(Dataset excerpts)

┄┄┄┄┄┄┄┄┄┄┄┄┄┄┄┄┄┄┄┄

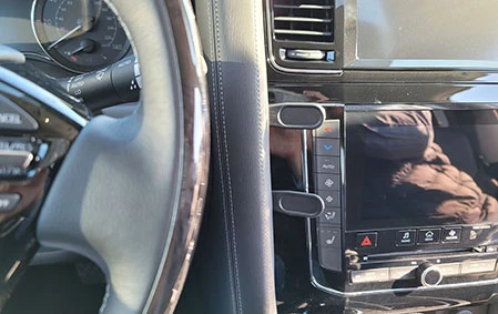 Press the thin end of the enclosed gap opener into the gap between the control panel and the padded frame, to widen the gap. Use the enclosed alcohol pad to clean the area where the ProClip is to be installed. Peel off the adhesive tape covers on the ProClip.
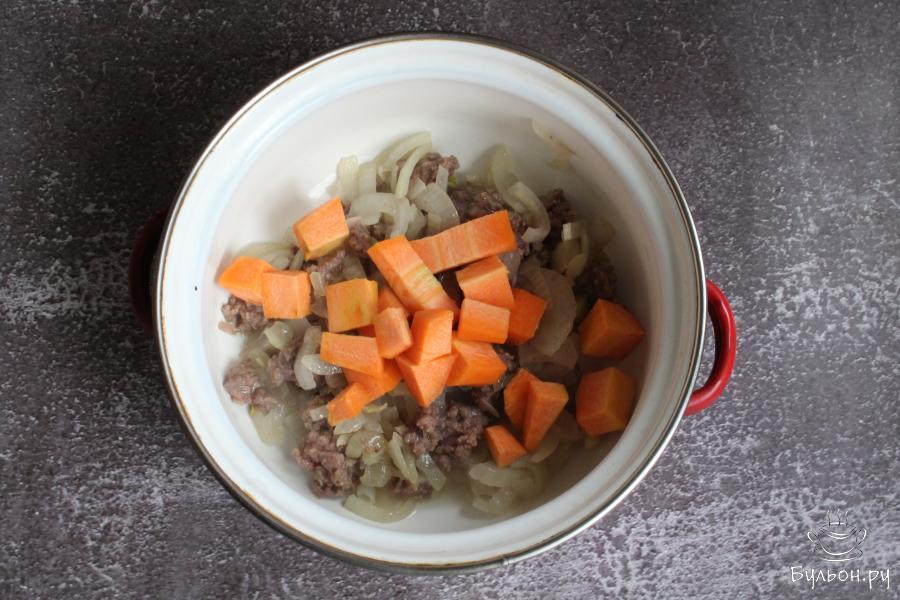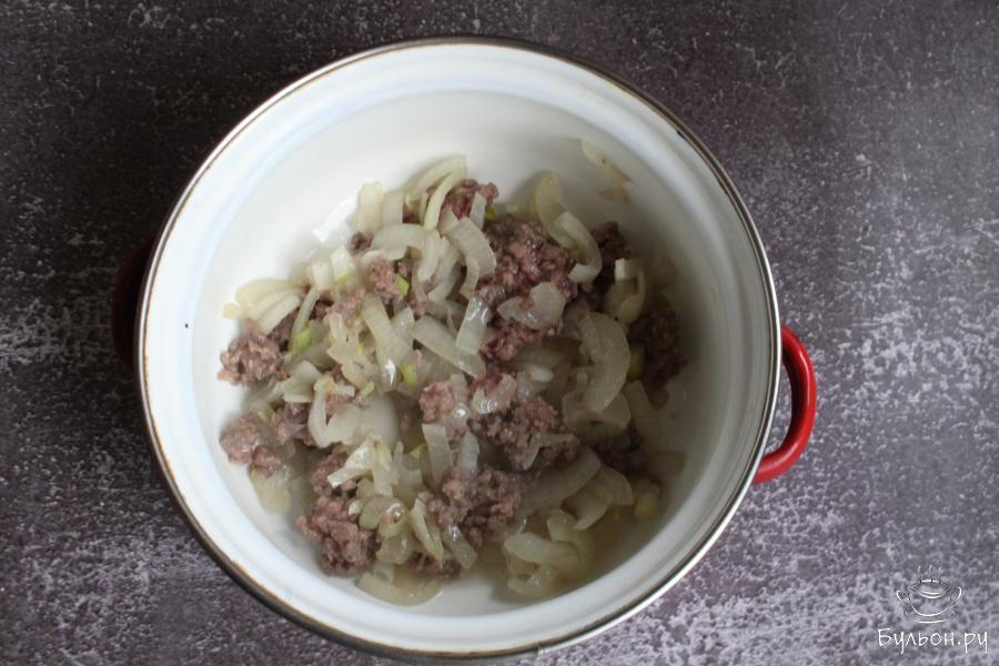 1. Овощи почистить и промыть. Лук мелко нарезать и выложить с фаршем в кастрюлю. Добавить масло. Тушить фарш с луком 5 минут, помешивать.
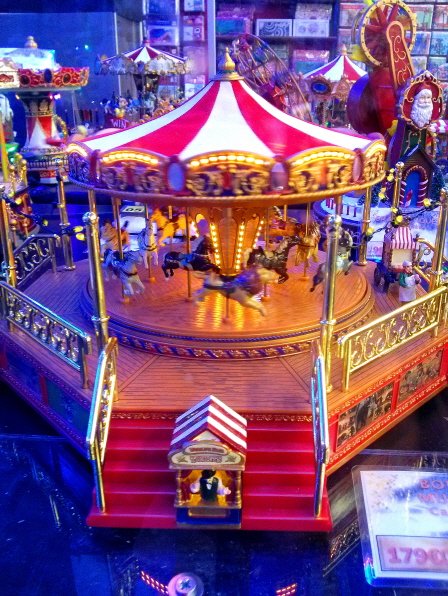 크리스마스 선물로 만들어진 작은 미니어쳐 회전목마. 불도 켜지고 돌아가기도 하고 음악도 나와요.
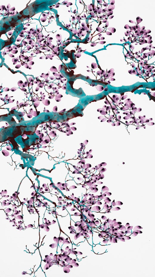 Jackie Battenfield es conocida por sus luminosas pinturas. Sus cuadros más recientes tienen como tema las gráciles ramas, el follaje y las flores de los árboles. Su devoción por representar su forma natural se ve aumentada por su pericia en el manejo del color y la pintura. Las pinturas son a la vez precisas, abstractas e imaginativas. Los colores de Battenfield, mezclados con maestría, irradian elegancia sobre un crudo campo blanco. Su obra única está pintada sobre mylar semiopaco. Cada cuadro se termina con un montaje personalizado sobre acrílico transparente para amplificar la translucidez de sus materiales.
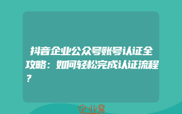 - 抖音企业公众号账号认证全攻略:如何轻松完成认证流程?
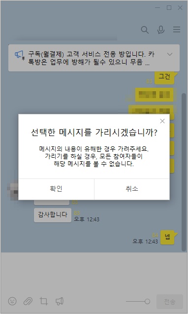 가리기의 경우에는 아래와 같이 메세지 박스가 표시됩니다.
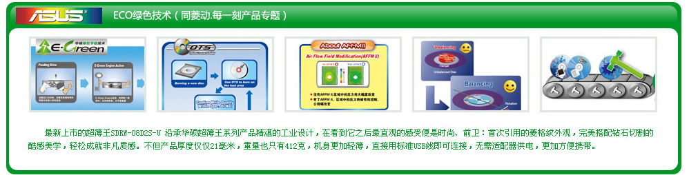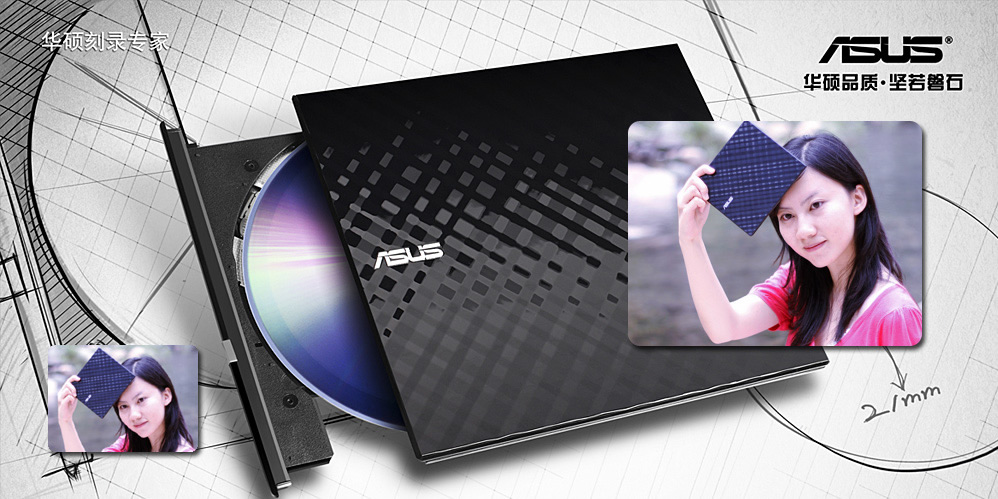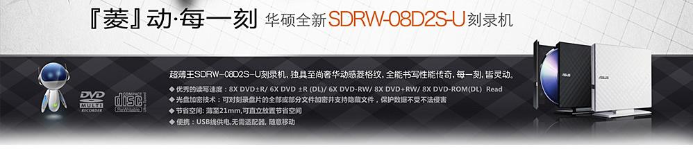 随着笔记本、上网本、Eee PC等便携电子设备的普及,外置超薄光驱逐渐受到人们的喜爱。作为拥有悠久历史和光荣传统的华硕超薄王家族,近日再携新品上市,超薄王SDRW-08D2S-U,延续之前SDRW-08D1S-U的优秀刻录品质,面板设计升级,采用更加奢华的菱格纹外观,外出携带,酷感十足!
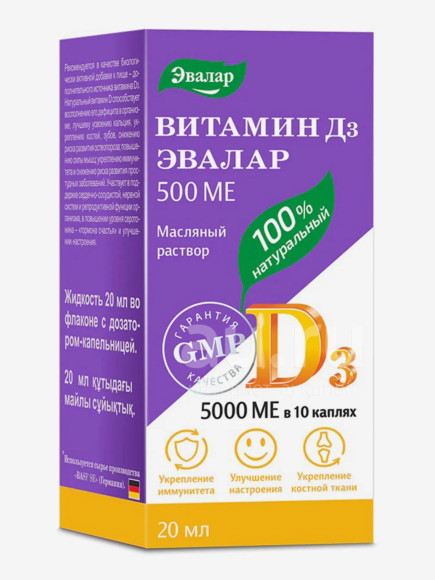 Натуральный витамин D3 500 МЕ в 1 капле: способствует восполнению его дефицита в организме, лучшему усвоению кальция, укреплению костей и зубов, снижению риска развития остеопороза; повышению силы мышц; укреплению иммунитета и снижению риска развития простудных заболеваний; участвует в поддержании сердечно-сосудистой, нервной систем и репродуктивной функции организма, в повышении уровня серотонина "гормона счастья" и улучшении настроения. Преимущества масляного раствора витамина D3: физиологичная для организма жирорастворимая форма витамина D3; удобное дозирование (флакон с дозатором-капельницей); экономный расход препарата (20 000 МЕ в 1 мл); высокое усвоение за счет масляной формы; нейтральный вкус и запах, хорошо воспринимается как детьми, так и взрослыми; не содержит аллергенных компонентов и спирта; сырье высокого качества. Способ применения: взрослым и детям с 3 лет принимать по 1 капле (500 МЕ) в день во время еды или согласно рекомендациям врача. Допускается добавлять в ложку с едой, на кусочек хлеба и т. д. Продолжительность приема 1–2 месяца. Противопоказания: индивидуальная непереносимость компонентов, беременность, кормление грудью. Перед применением рекомендуется проконсультироваться с врачом. БАД. Не является лекарственным средством.
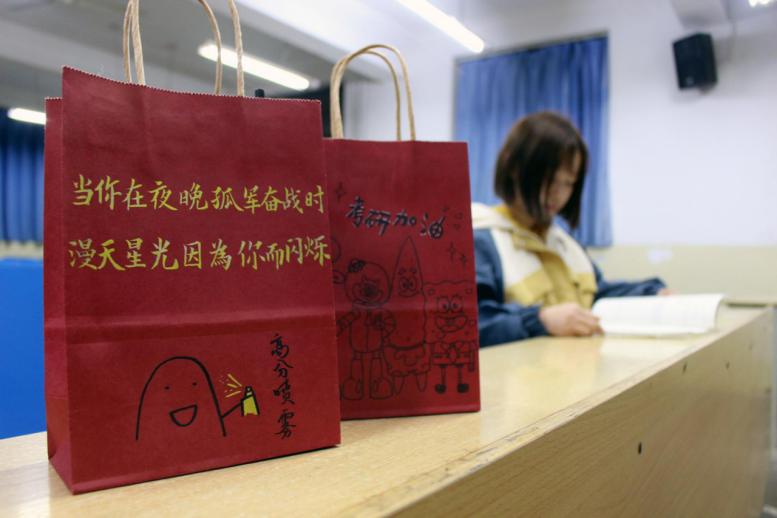 “当你在夜晚孤军奋战时,漫天星光因你而闪烁”“少年迎风而来,宛如千树花开”“愿你终成所愿,愿你一往无前”“你们尽管走,走向灯火通明”……一行行饱含诗意与深情的滚烫文字在红色福袋上款款写下,一句句真挚、温馨的祝福镶刻在字里行间,这是酷爱成人网 学生会的成员们在为考研学子准备一份特殊的礼物。硕士研究生招生考试将至,酷爱成人网 别出心裁,以福袋传递心意、用图文承载祝福。
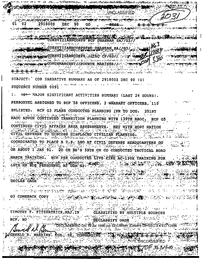 Document 61 f:/Week-17/BX000021/SITUATION REPORTS REAR CP DEC 90/cdr narrative summary dec 90 sequence no 0063:0802961505391
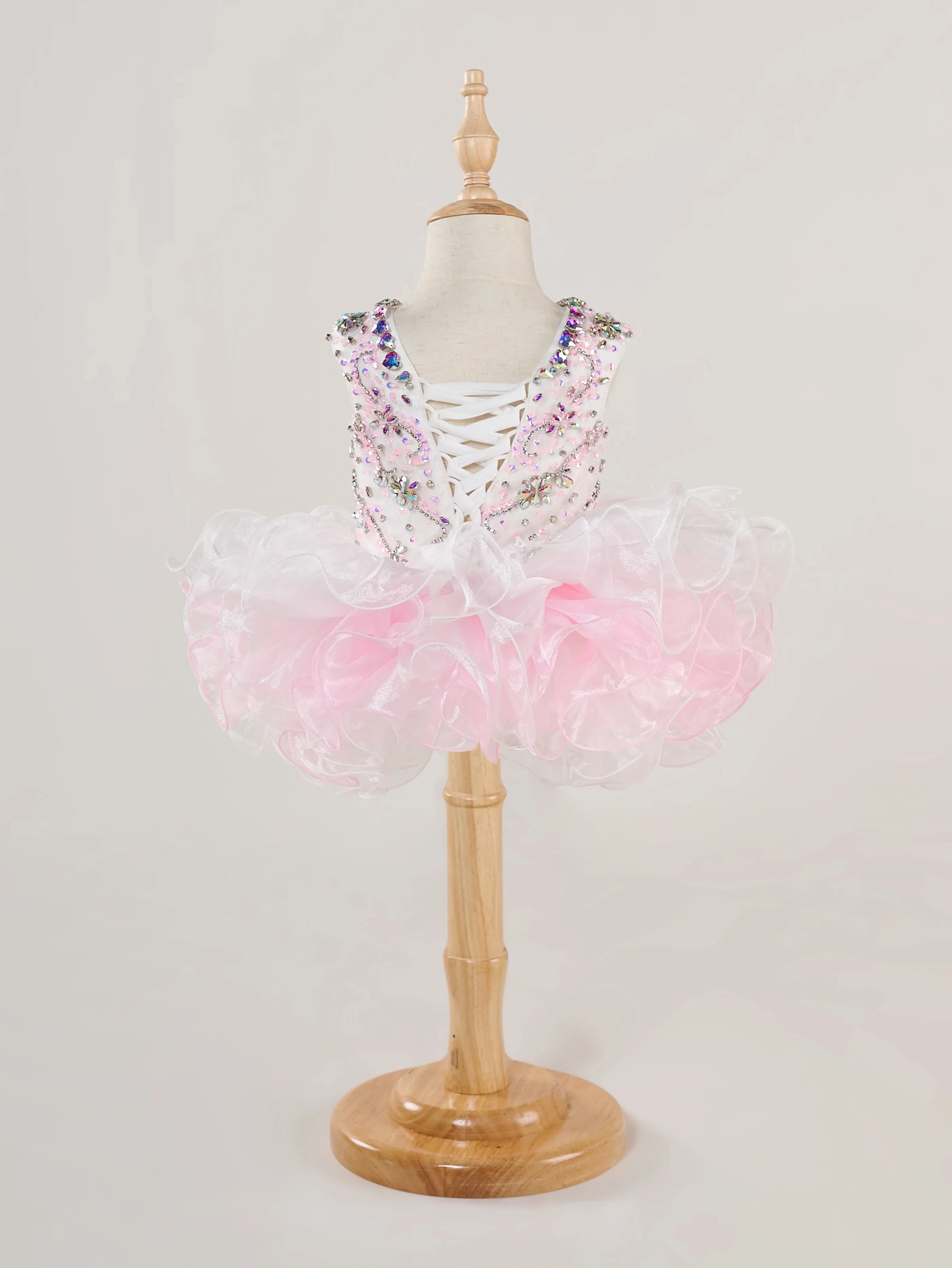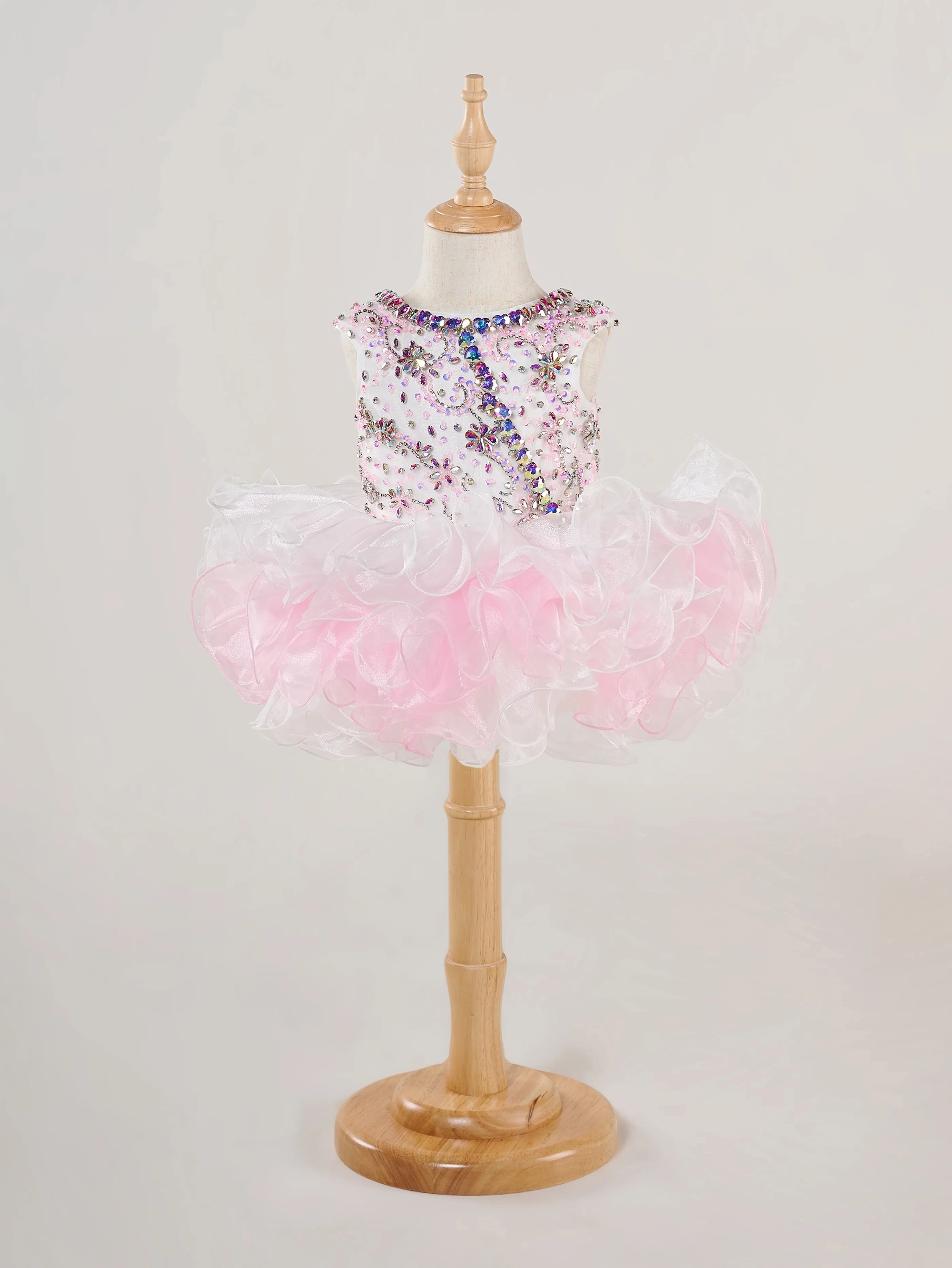 Scoop neck, cap sleeve dress in pink and white with bicolor beading.

┄┄┄┄┄┄┄┄┄┄┄┄┄┄┄┄┄┄┄┄

### [TRY IT]
The records above should be repeated exactly, with every picture omitted.

### [TASK SOLUTION]
 Press the thin end of the enclosed gap opener into the gap between the control panel and the padded frame, to widen the gap. Use the enclosed alcohol pad to clean the area where the ProClip is to be installed. Peel off the adhesive tape covers on the ProClip.
 1. Овощи почистить и промыть. Лук мелко нарезать и выложить с фаршем в кастрюлю. Добавить масло. Тушить фарш с луком 5 минут, помешивать.
 크리스마스 선물로 만들어진 작은 미니어쳐 회전목마. 불도 켜지고 돌아가기도 하고 음악도 나와요.
 Jackie Battenfield es conocida por sus luminosas pinturas. Sus cuadros más recientes tienen como tema las gráciles ramas, el follaje y las flores de los árboles. Su devoción por representar su forma natural se ve aumentada por su pericia en el manejo del color y la pintura. Las pinturas son a la vez precisas, abstractas e imaginativas. Los colores de Battenfield, mezclados con maestría, irradian elegancia sobre un crudo campo blanco. Su obra única está pintada sobre mylar semiopaco. Cada cuadro se termina con un montaje personalizado sobre acrílico transparente para amplificar la translucidez de sus materiales.
 - 抖音企业公众号账号认证全攻略:如何轻松完成认证流程?
 가리기의 경우에는 아래와 같이 메세지 박스가 표시됩니다.
 随着笔记本、上网本、Eee PC等便携电子设备的普及,外置超薄光驱逐渐受到人们的喜爱。作为拥有悠久历史和光荣传统的华硕超薄王家族,近日再携新品上市,超薄王SDRW-08D2S-U,延续之前SDRW-08D1S-U的优秀刻录品质,面板设计升级,采用更加奢华的菱格纹外观,外出携带,酷感十足!
 Натуральный витамин D3 500 МЕ в 1 капле: способствует восполнению его дефицита в организме, лучшему усвоению кальция, укреплению костей и зубов, снижению риска развития остеопороза; повышению силы мышц; укреплению иммунитета и снижению риска развития простудных заболеваний; участвует в поддержании сердечно-сосудистой, нервной систем и репродуктивной функции организма, в повышении уровня серотонина "гормона счастья" и улучшении настроения. Преимущества масляного раствора витамина D3: физиологичная для организма жирорастворимая форма витамина D3; удобное дозирование (флакон с дозатором-капельницей); экономный расход препарата (20 000 МЕ в 1 мл); высокое усвоение за счет масляной формы; нейтральный вкус и запах, хорошо воспринимается как детьми, так и взрослыми; не содержит аллергенных компонентов и спирта; сырье высокого качества. Способ применения: взрослым и детям с 3 лет принимать по 1 капле (500 МЕ) в день во время еды или согласно рекомендациям врача. Допускается добавлять в ложку с едой, на кусочек хлеба и т. д. Продолжительность приема 1–2 месяца. Противопоказания: индивидуальная непереносимость компонентов, беременность, кормление грудью. Перед применением рекомендуется проконсультироваться с врачом. БАД. Не является лекарственным средством.
 “当你在夜晚孤军奋战时,漫天星光因你而闪烁”“少年迎风而来,宛如千树花开”“愿你终成所愿,愿你一往无前”“你们尽管走,走向灯火通明”……一行行饱含诗意与深情的滚烫文字在红色福袋上款款写下,一句句真挚、温馨的祝福镶刻在字里行间,这是酷爱成人网 学生会的成员们在为考研学子准备一份特殊的礼物。硕士研究生招生考试将至,酷爱成人网 别出心裁,以福袋传递心意、用图文承载祝福。
 Document 61 f:/Week-17/BX000021/SITUATION REPORTS REAR CP DEC 90/cdr narrative summary dec 90 sequence no 0063:0802961505391
 Scoop neck, cap sleeve dress in pink and white with bicolor beading.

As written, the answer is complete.